Bruce Babbitt, who has taken dozens of rafting trips through Grand Canyon in his lifetime, explained in a 2018 oral history interview that he "started awakening" to changes along the river by the 1970s. "From trip to trip, you could see the way the sand was being totally stripped away," he recalled. On one journey, trip leader Martin Litton had to delay the group's run of Hance Rapid to avoid running aground and being stranded on rocks because the river level had dropped so low. "That was kind of the point at which I really sort of viscerally started to make the connection between … [the] river being manipulated for hydro demand," Babbitt recalls, and "[w]hat it was doing in terms of all the downstream ecology." Two decades after that experience, Babbitt was appointed secretary of the interior during the Clinton Administration. In that position he was instrumental in implementing adaptive management in Grand Canyon, a concept essential to the Grand Canyon Protection Act and the decisions that would successfully reduce high fluctuating flows to mitigate the impact on both the river and recreationists.14

The next set of key players in the GCDAMP are the federal and state agencies responsible for the management of land, water, infrastructure, and hydropower in the region. There are five of them, each with a unique mandate and set of responsibilities.
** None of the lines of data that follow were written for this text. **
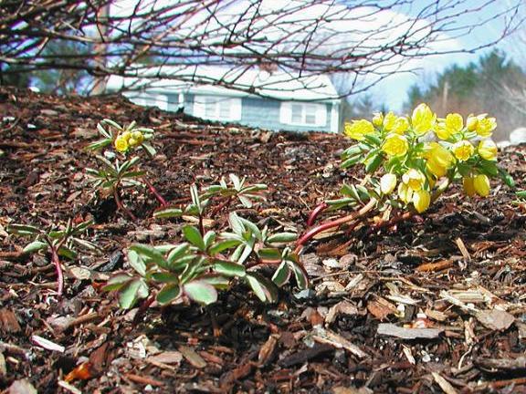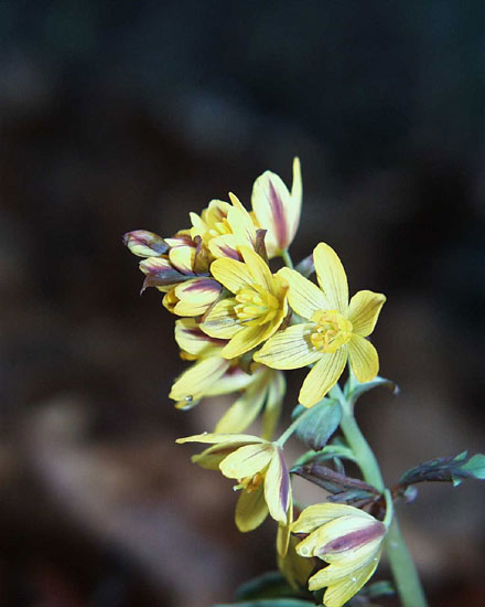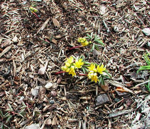 Gymnospermium altaicum - The first two views of the plant in flower were taken March & April 2003. This plant is very small and rather inconspicuous in bloom (although charming), thus it's difficult to get a good photo. The first photo was taken on March 29, 2003, showing the red, sideways-emerging stems that are less than 2" (5 cm) tall, and small bright yellow flowers. The plant and flowers were unharmed after a week and a half of ice, hail, snow, and pouring rain. The second photo is a worm's-eye view of the dainty flowers that are best observed up close. The last photo was taken spring 2002 of the foliage and spent flower stalks. Photos by Mark McDonough.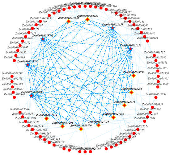 Mitogen-activated protein kinases (MAPK) are a group of serine-threonine protein kinases that can be activated by various extracellular stimuli. MAPK activation is the final step in the intracellular phosphorylation cascade and has multiple effects on cell proliferation, stress, differentiation and apoptosis [36]. A total of 23 DEGs were significantly enriched in the MAPK signaling pathway-plant in this study (Figure 9d and Table S4). These genes included five MAPKKK17_18 genes and two MKK4_5 genes, which were downregulated up to 37.4-fold in the mutant (Table S4). Zhang et al. [37] reported that mutations in Arabidopsis MKK4_5 cause defective embryogenesis under maternal control. The MKK4_5 genes mined in this study belong to the same family as previously reported genes. Moreover, the MAPKKK17_18 genes are located upstream of MKK in the cascade reaction. Strong inhibition of the transcriptional activity of these DEGs may also lead to the loss of embryogenesis in plant somatic cells [38]. In addition, all five MAPKKK17_18 genes were identified as hub genes in the PPI network analysis (Figure 10), which further supports the above analysis. Overall, we speculate that the five MAPKKK17_18 genes may be the key genes controlling plant somatic regeneration. The genes Zm00001d018261, Zm00001d027463 and Zm00001d037114 are three radiation nodes associated with the hub nodes (Figure 10). These genes are significantly enriched in the MAPK pathway, which encodes the LRR receptor-like serine/threonine-protein kinase ERECTA (ER) located at the cell membrane (Figure S6). These products play important roles in organ morphogenesis, such as the meristematic organization of plant stem tips and the development of reproductive organs [39]. Finally, the three MYC2 genes involved in plant hormone signal transduction were also detected in the MAPK pathway (Figure 9 and Table S4). MYC2 not only regulates the crosstalk between JA signaling and other hormone signals but is also involved in the interaction between JA signaling and light and the biological clock, which ultimately functions in plant development, adventitious root formation, and flowering time [40].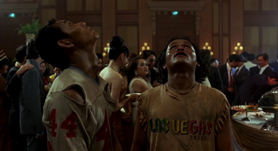 ช็อตแรกของ Sequence ถ่ายจากโคมไฟราคาแพงบนเพดาน Tilt Down ลงมาเห็นหมาหัวเน่าสองตนนี้เงยหน้าขึ้นมอง(เครื่องบิน) เพ้อใฝ่ฝันอยากประสบความสำเร็จ ร่ำรวยเงินทอง แต่ก็ห่างไกลเกินอาจเอื้อมมือ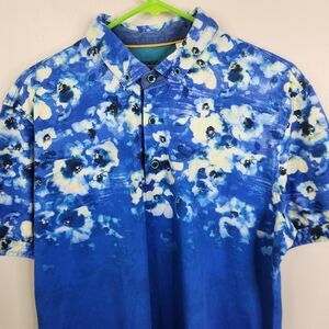 Robert Graham Mens Classic Fit Short Sleeve Floral Print Polo Shirt Medium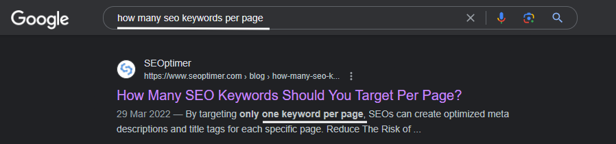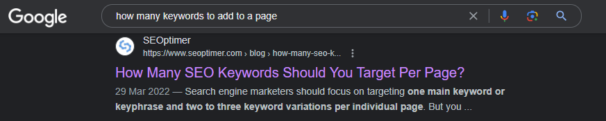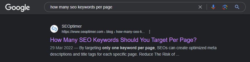 Als je zoekt naar de trefwoorden “hoeveel seo trefwoorden per pagina”, krijg je het volgende zoekresultaat van SEOptimer: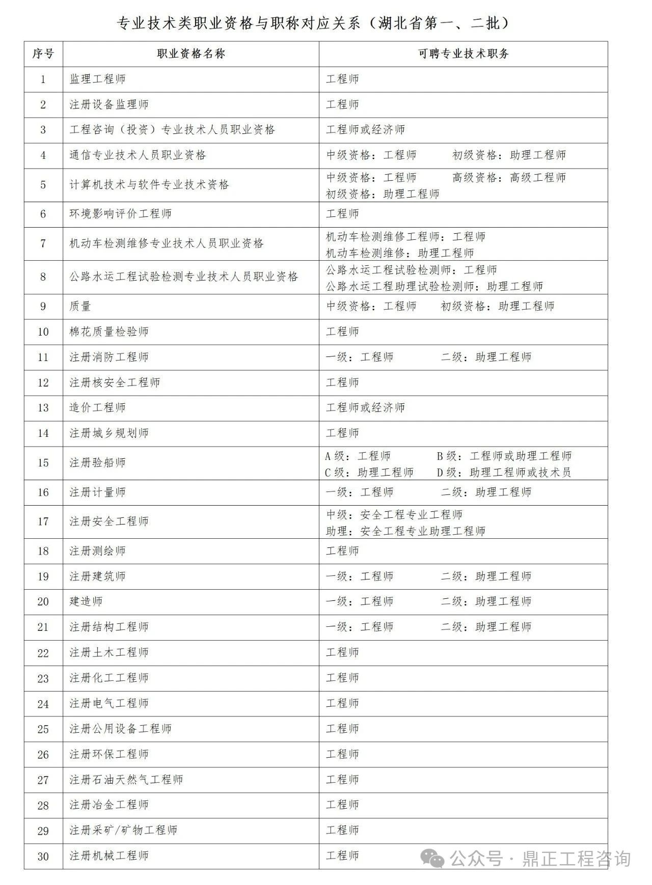 鄂职改办已下发《湖北省职称评审专业目录》(鄂职改办〔2021〕46号),其中工程系列已涵盖环保、水利水电、建筑、土地、测绘、规划等相关专业,详见下图: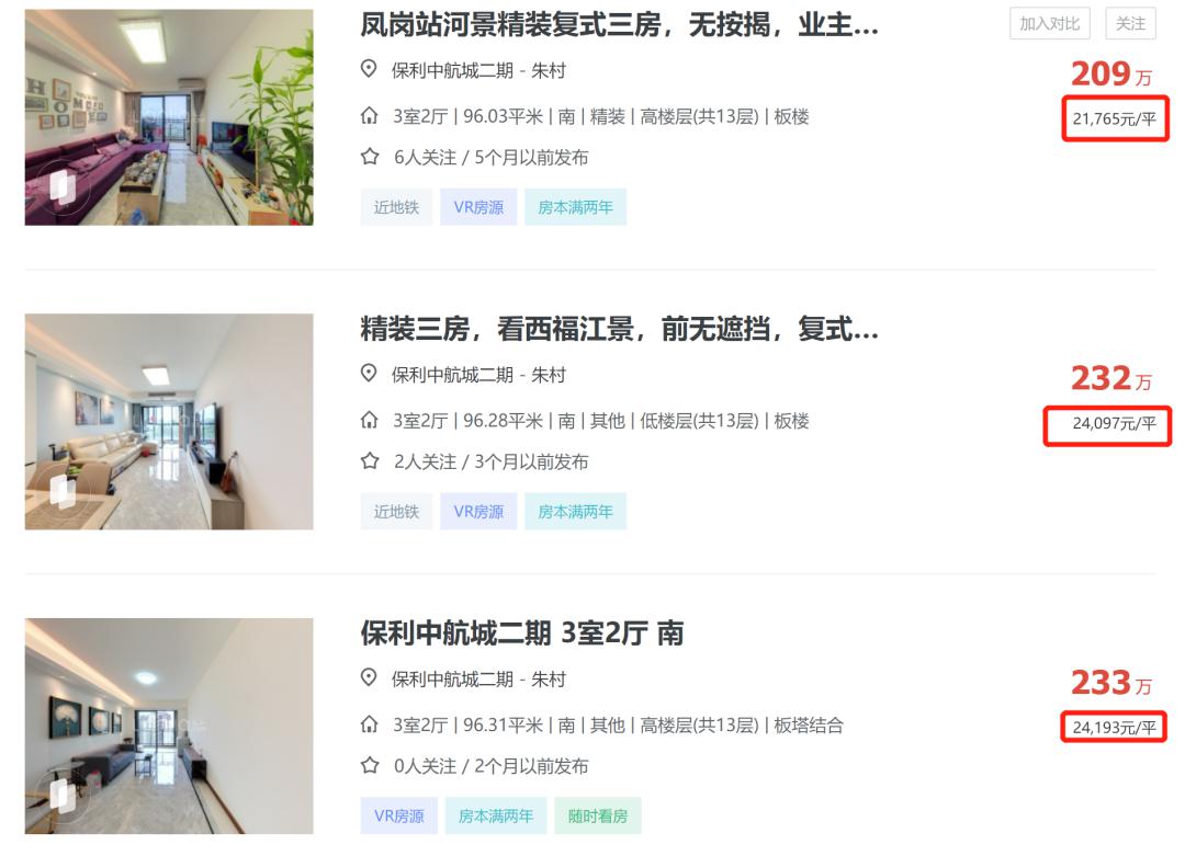 目前,链家上保利中航城二期同等户型的挂牌价在2.1-2.4万/平左右。中介表示,保利中航城一期的成交房源较多,成交价在1.8万/平左右。
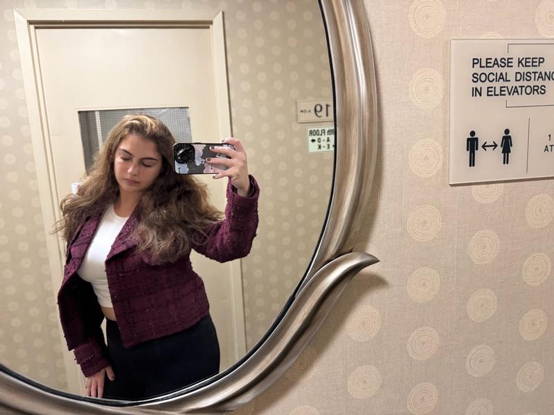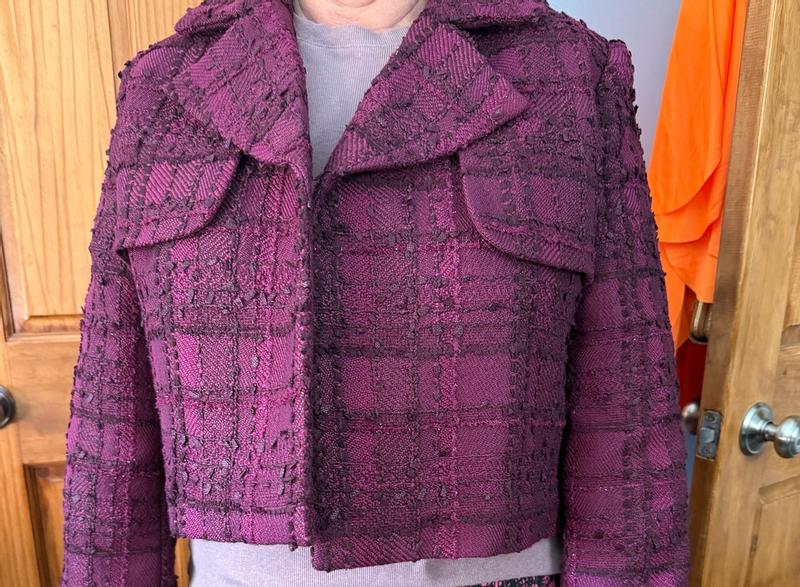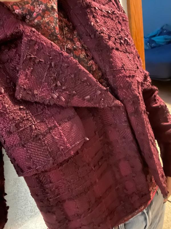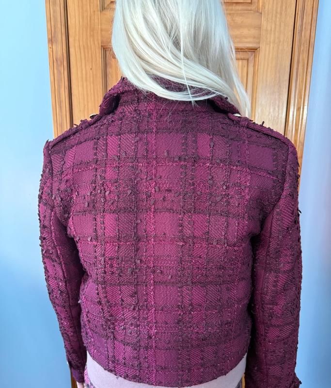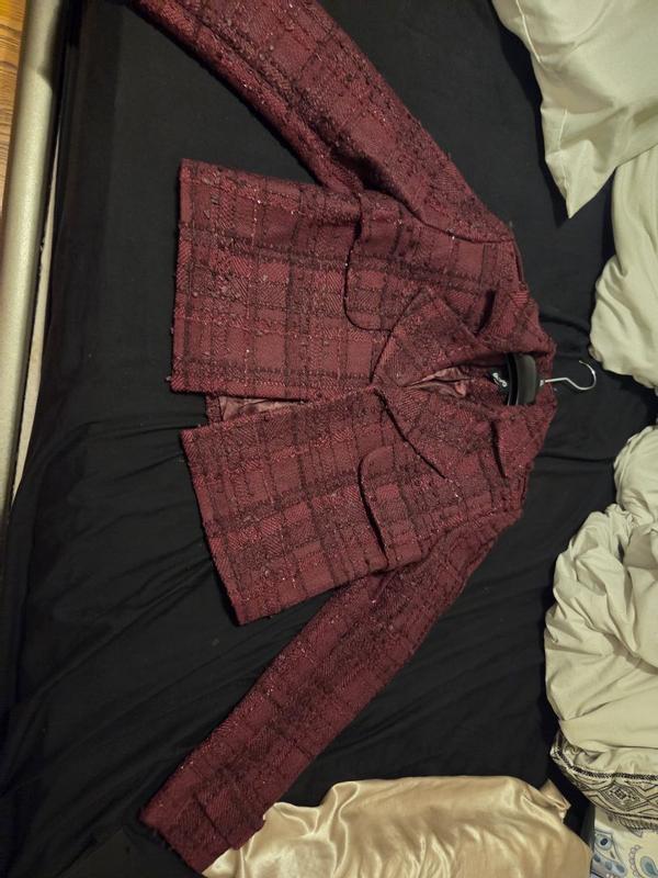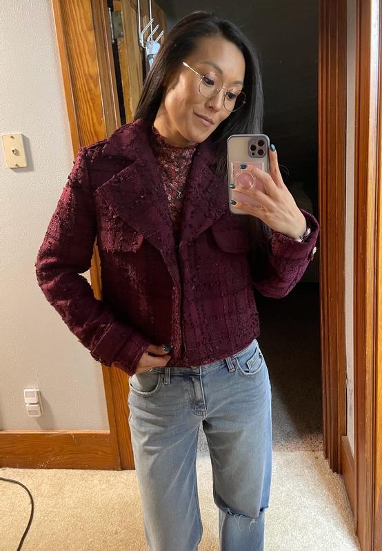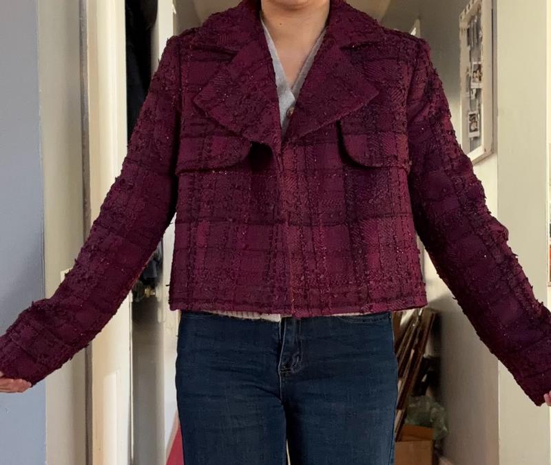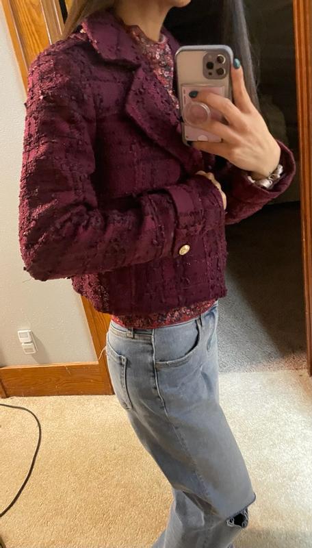 Overall the quality of this jacket is very nice. I do enjoy the fit of the jacket. I like the tailored look and that it’s cropped. I expected the color to be a maroon with more red tones but it’s actually a burgundy with more purple tones. One thing to note is the sizes do run very small. I would recommend going a whole size up. It’s a great little jacket to dress up an outfit for the evening.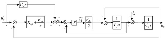 Figure 12. It shows the output voltage of the source side unit using traditional droop control. The steady-state bus voltage is 305.4 V before the load changes, while the system preset voltage is 311 V, and the deviation is about 5.6 V. Moreover, the voltage waveform shows a significant distortion at 0.2 s.

The two main agencies are the U.S. Bureau of Reclamation and the National Park Service. The Bureau of Reclamation manages Glen Canyon Dam, including its hydropower generation. The National Park Service manages both Grand Canyon National Park and the Glen Canyon National Recreation Area surrounding Lake Powell. Responsibility for protecting and recovering endangered species in the river, the reservoir, and the canyon falls under the jurisdiction of the U.S. Fish and Wildlife Service (USFWS). While tribal interests (discussed more fully below) are key players in the GCDAMP, the federal Bureau of Indian Affairs (BIA) also plays a role, though recently it has become somewhat secondary to the tribes. The Bureau of Reclamation, the National Park Service, the U.S. Fish and Wildlife Service, and the Bureau of Indian Affairs are all agencies within the Department of the Interior. They operate under different agency directors and fulfill different mandates [End Page 593] but are ostensibly united under one cabinet secretary: the secretary of the interior. All these agencies have a role and representation in the GCDAMP established in 1997, although they have not always spoken with one voice.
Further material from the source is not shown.